We have a tendency to speak of rights as guaranteeing individuals’ absolute freedom of choice in pursuing whatever might make them happy — rights without obligations and without bounds. We speak in reverence of individual autonomy as the fundamental basis for human dignity. When I am impeded from doing what I want to do, or (worse) made to do something which I would otherwise not, I have been disrespected and harmed. We equate being free with being unconstrained.

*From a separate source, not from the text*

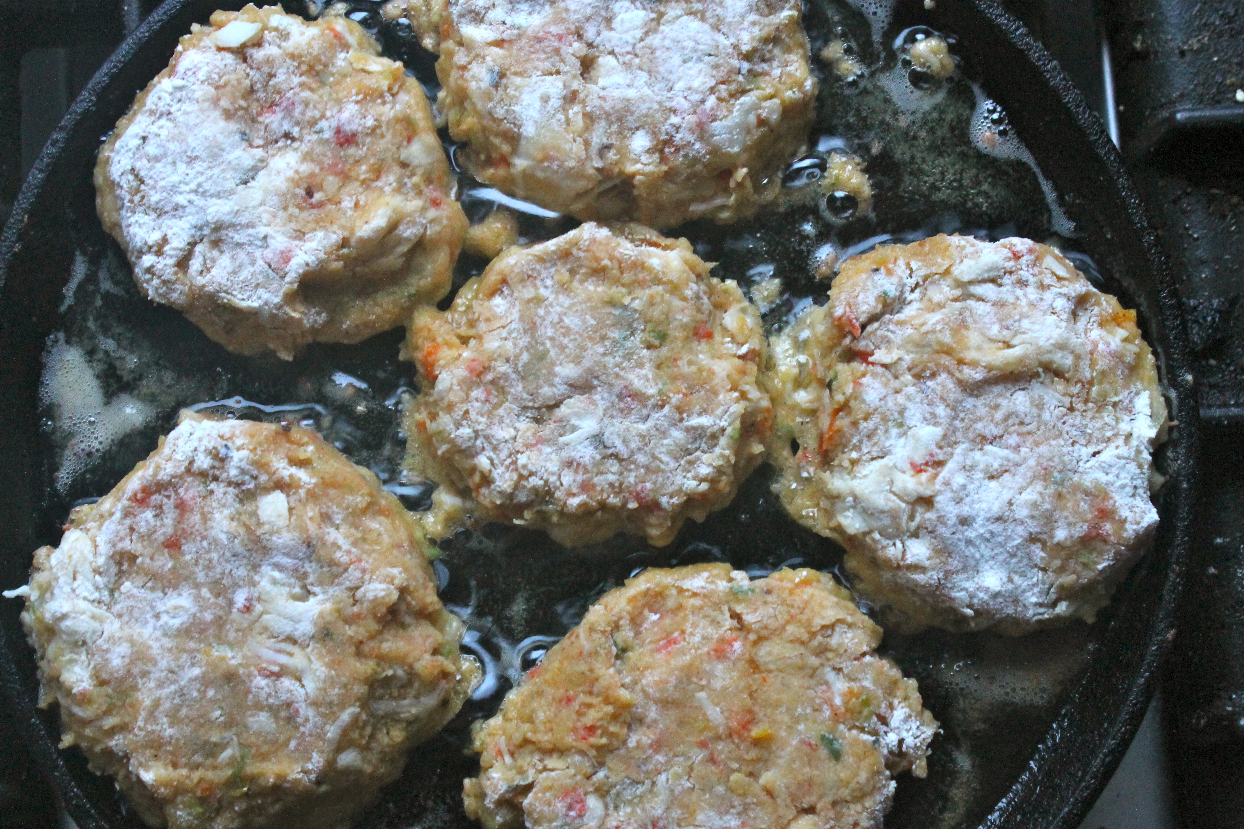 Ég hitaði svona 2 msk af olíu á pönnu og steikti buffin við meðalhita í nokkrar mínútur á hvorri hlið, þar til þau voru fallega gullinbrún. Það þarf ekkert að steikja þau í gegn þar sem fiskurinn, kartaflan og grænmetið er allt foreldað.

But this kind of autonomy fits poorly within our philosophical traditions. Hobbes encouraged us to lay down our sword in order to enjoy the benefits of neighbors who are more than obstacles to our private interests. Kant argued that only by acting from duty can one be truly free. Showing sufficient respect for others means more than simply making space for their unimpeded desiring, willing, and choosing. No one can claim absolute license to pursue their private ambitions, come what may.
Where does this leave us? We find ourselves once again at the intersection of a number of related issues. We’re bad at conceptualizing disease; we’re addicted to the anecdotal, allergic to authority, and eternally unsure of who to trust. Matthew Silk has investigated the media’s troubles in relaying vaccination information; Martina Orlandi and Ted Bitner have explored our failure to change people’s hearts and minds; Marshall Bierson has pointed out how conflicting federal, state, and local legislation is complicating the picture; and Daniel Burkett has explained why we’re upset by others’ free-riding.
So, how should we respond? Megan Fritts recently raised the question of whether doctors are justified in refusing to admit unvaccinated patients to their overbooked and especially vulnerable waiting rooms. Much like we might penalize alcoholics on a donor list for liver transplants, there is at least one line of thought that suggests that those choosing to expose themselves to greater risk should be asked to bear the cost of that choice rather than forcing others to live with the consequences of that decision. Given the scarcity of medical resources and need for emergency assistance, some form of triage is inevitable. And the mantra of personal responsibility has always proven an efficient tool for separating the “undeserving” from the rest of us.
But this solution is too neat; it neglects to investigate who exactly the unvaccinated are. Over the weekend, The New York Times attempted to put a face to this broad label. The obstinate “Don’t Tread on Me!” die-hard doesn’t always track reality. From young mothers to the various outcasts of the healthcare system, there are at least some not-so-unreasonable anxieties expressed by the “vaccine-willing.” And there are, no doubt, a number of the unvaccinated who deserve our compassion and should inspire us to show a modicum of humility. Unfortunately, those folks with a legitimate medical complication or sincerely-held religious conviction constitute a collective that is not anything as large as it purports to be. You know who you are.